The developments in the Middle East are sure to determine where the region will be headed in the coming decades. The Biden administration’s policy directed at pampering the Iranian regime and hoping that they will make a pinky promise not to build a nuclear weapon is very childish. Saudi Arabia and Abraham Acord member countries have realised the futility of Biden’s Middle East policy. And as Biden embraces Iran, Saudi Arabia is taking the reasonable option and embracing Israel.
Any potential deal to normalise relations between Saudi Arabia and Israel would benefit the Middle East but depends on the progress of the peace process between Israelis and Palestinians, the Kingdom’s foreign minister said on Thursday. The foreign minister added, however, that any potential deal would only be possible if progress towards peace between Israel and Palestine is made.
These developments should be seen in the backdrop of the fact that normally Saudi Arabia does not even make any considerable attempts to even accept any possibility of any normalisation of relations between Saudi Arabia and Israel.
Iran has become too confident given the kind of importance the Biden administration is giving it. Iran’s hardliners early last month admitted that Tehran had attacked an Israeli ship, MV Helios Ray, off the coast of Oman in late February.
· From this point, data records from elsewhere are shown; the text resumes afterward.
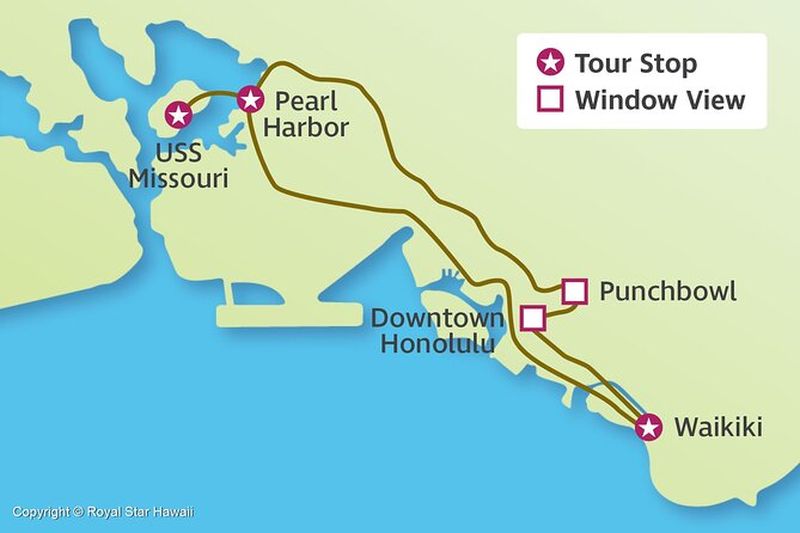 Vivez l'Arizona Memorial et le tour historique du centre-ville dans le confort et la sécurité d'un véhicule Deluxe Royal...
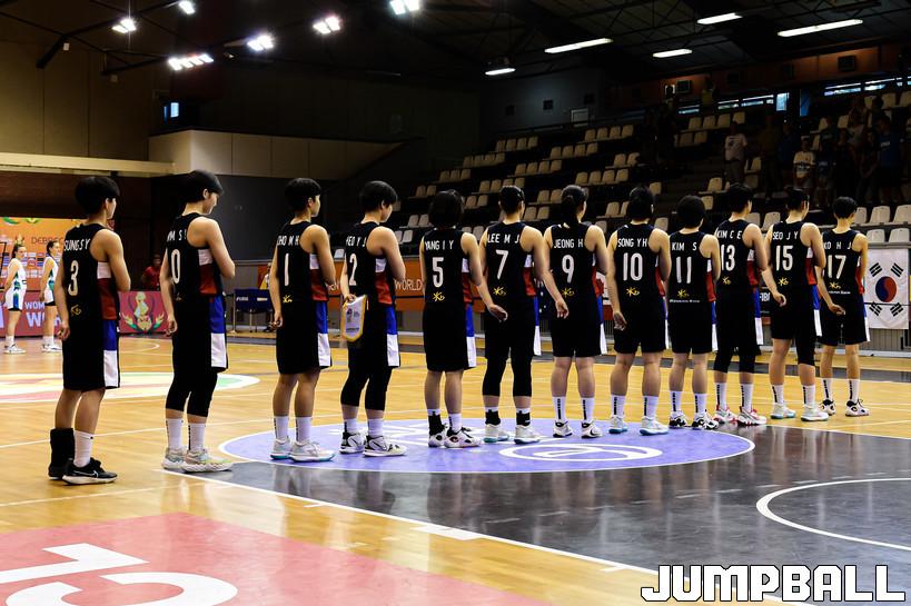15일 헝가리 데브레첸 올라 가보 스포츠홀에서 열린 2022 FIBA U17 여자농구월드컵 한국과 슬로베니아의 순위 결정전 경기, U17 여자농구대표팀이 경기 시작 전 국민의례를 하고 있다.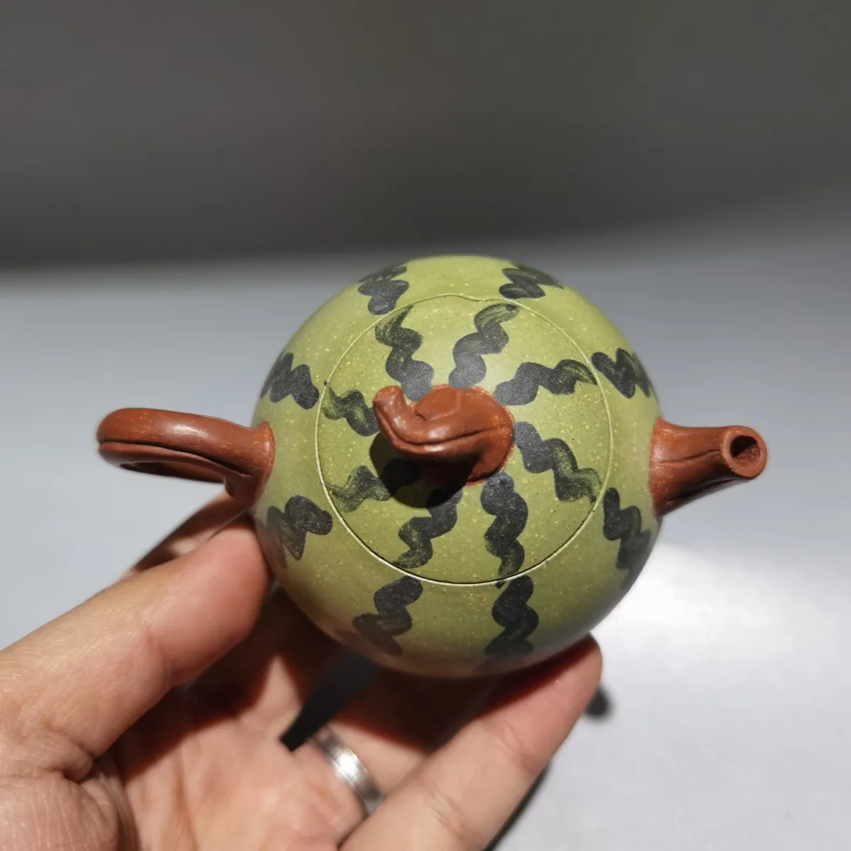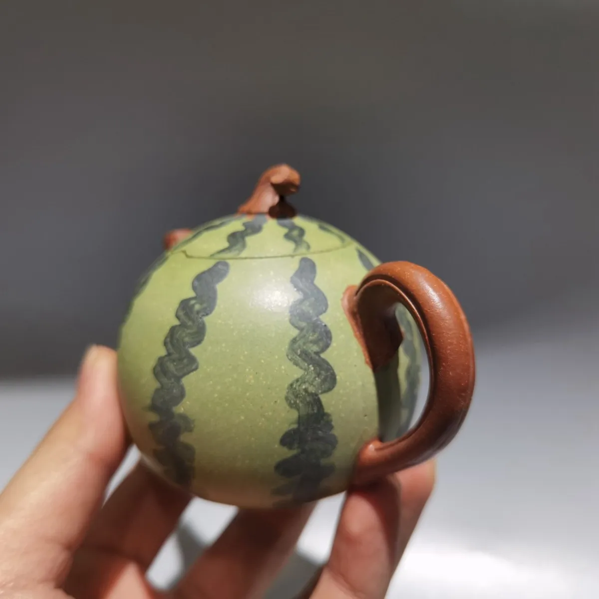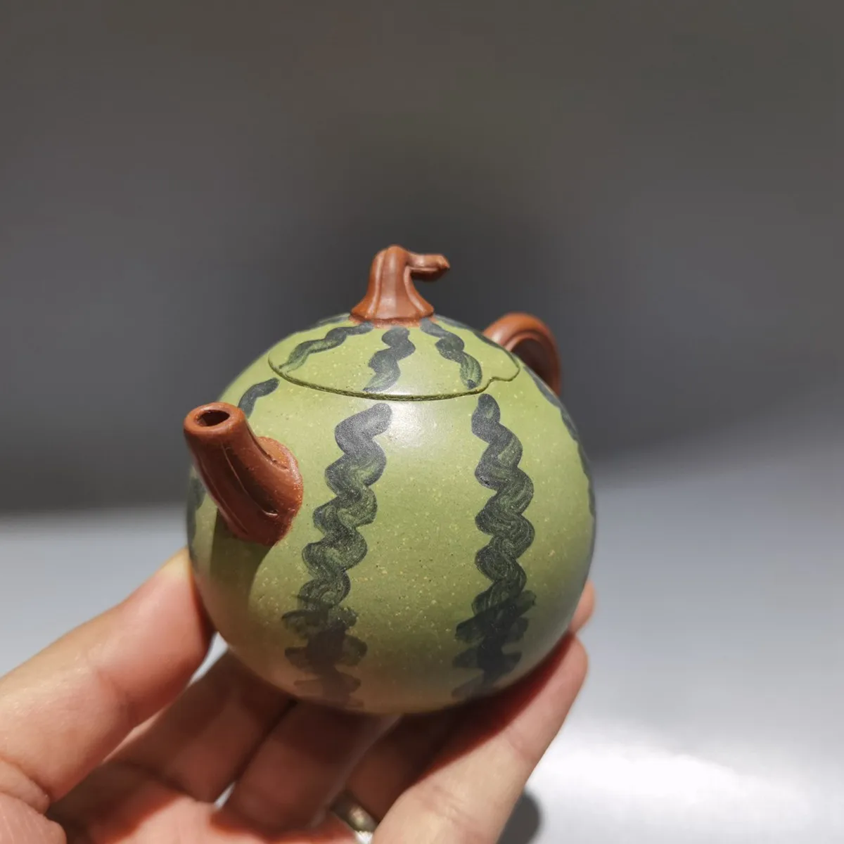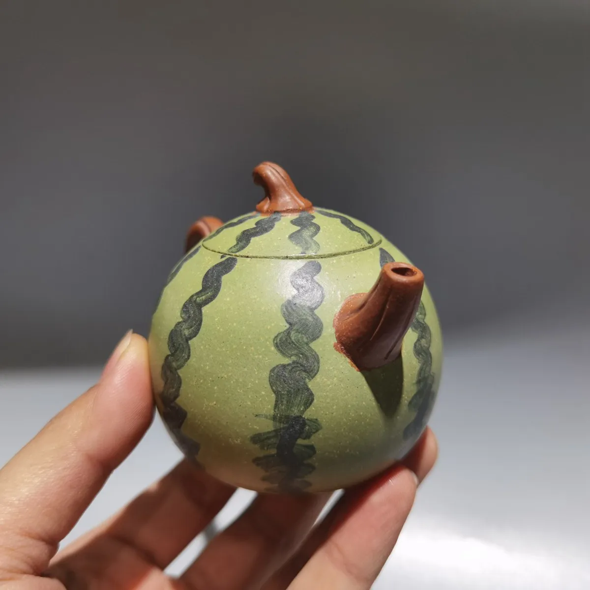 Chinese Yixing Zisha Clay Teapot Green Mud Watermelon Pot Chen Mingyuan 100ml

In addition to this, a missile attack launched by Iran backed Yemen’s Houthi rebels on Riyadh had been thwarted and threats to the Saudi oil wells are not subsiding. These are just a few examples of offensive Iran’s proxies are conducting on Saudi Arabia and Israel.
Because of the weak leadership of Joe Biden and his continuous alienation of its all-weather allies in the Middle East, Iran is feeling emboldened. Iran knows that Joe Biden will turn a blind eye on its actions in the region in hopes that Tehran returns to comply with the JCPOA, and in the meantime, it can take all the offensive measures via its proxies with impunity.
Prince Faisal said, “I don’t know if (a deal is) imminent, it’s very much dependent on progress with the peace process,”. “There is, of course, a normalisation deal on the table — it has been on the table since 2002; it’s called the Arab peace plan. And even before that, we had the Fez initiative, which was presented by the Kingdom in 1982 and puts forward the prospect of full and complete normalization with Israel in return for a just settlement to the Palestinian issue”.
“Now, normalisation in the region can only be successful if we address the issue of the Palestinians and if we can deliver a Palestinian state within the 1967 borders that give the Palestinians dignity and gives them their rights. If we can find a path towards that, then I think we can see a much, much safer region and a much more prosperous one where everybody can contribute to its success, including Israel,” he continued.
The fact that the Kingdom of Saudi Arabia is now considering a peace deal with Israel and the normalisation of relations, after giving a go-ahead to other gulf allies, tells us how the temperature in the Middle East is changing.